Челноки и нагатинцы, недолюбливавшие малиновского старосту за скаредность и редкое даже для выходца из Малороссии хитрованство, прилепили ему обидное прозвище – вполне, по мнению Сергея, заслуженное.
– У дядьки Панаса-то? Брательник. Заведует складом на кафедре ксеноботаники.
– Пустили козла в огород…
Нос пироги уткнулся в дощатые мостки. Белобрысый парубок в портках из домотканины и замызганной вышиванке сунулся зацепить берестяной борт багром, но Коля-Эчемин так цыкнул на него, что мальца словно ветром сдуло. Но далеко он не убежал – уселся на корточки за перевёрнутой плоскодонкой и принялся с интересом наблюдать за процессом швартовки. У крайней хаты забрехала барбоска – навстречу гостям уже спешил кто-то из селян.
– Ну, вот… – Коля выбрался из пироги и накинул на вбитое торчком бревно верёвочную петлю. – Подай-ка оленебой, ага… Сейчас скажу баньку истопить, попаримся, перекусим, горилки откушаем. А как стемнеет – к Кузнецу: когда подплывали, его пацан с моста рукой махал. Значит, ждут…
История градостроительства знает немало «жилых» мостов. Парижские, превращённые в торговые улочки, флорентийский мост Понте-Веккьо, мост Кремербрюке в немецком Эрфурте, «Мельница на мосту Вернон», увековеченная Клодом Моне. В самом деле, это удобно: и оборонять, в случае чего, проще, и вода под рукой, и отходы есть куда девать.

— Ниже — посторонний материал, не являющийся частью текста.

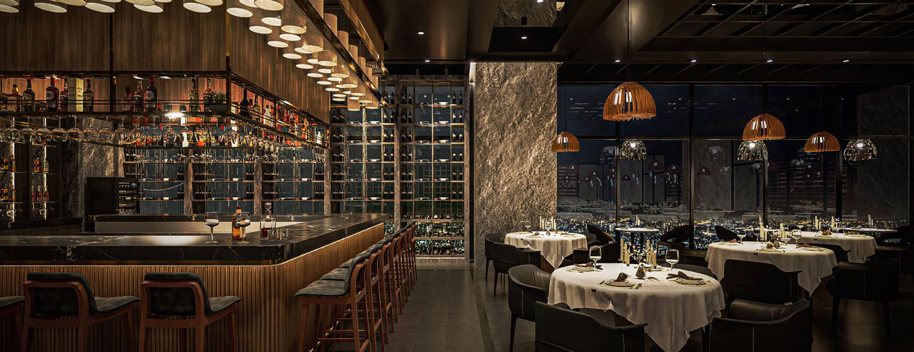 ភោជនីយដ្ឋានដែលអាចទទួលទានម្ហូបអាហារបណ្ដើរ មើលទេសភាពស្អាតៗពីជាន់ទី 77 លាតសន្ធឹងនៅចំពោះមុខបណ្ដើរ តាំងពីពេលព្រឹក ពេលថ្ងៃ រហូតដល់ពេលល្ងាច។

Имеются и недостатки: место жительства открыто всем ветрам и… тесно. Очень тесно. На средневековых мостах люди жили, торговали, работали друг у друга на головах в самом буквальном смысле.
Это не относилось к Новоандреевскому мосту, превращённому в совместную артерию МЦК и третьего кольца. Места здесь хватило бы для населения средневекового города – с лошадьми, гулящими девками, нищими, монахами и палачами. И еще осталось бы свободное пространство для разного рода церемоний.
Сейчас здесь обитало около дюжины человек. Главным и самим известным из них был «хозяин» моста – Кузнец. Никто не помнил его настоящее имя, и даже домочадцы называли его просто «Кузнец». Его изделия – ножи, топоры, охотничьи рогатины, наконечники стрел, дуги и механизмы арбалетов – пользовались устойчивым спросом от Большого Болота на севере до таинственных чащоб Царицынского парка.
А уж какие слухи ходили о нём по всему Лесу! Будто знаменитый мастер использует металл, который доставляют из особых, заповедных мест; будто клинки он закаливает в крови чудовищ Чернолеса, а в неприметной постройке рядом с кузней находится алхимическая лаборатория, где он ночами смешивает вытяжки из трав и жуков, варит из коры столетних дубов настои, придающие клинкам не только редкостную красоту и прочность, но и удачливость, качество, особо ценимое в Лесу.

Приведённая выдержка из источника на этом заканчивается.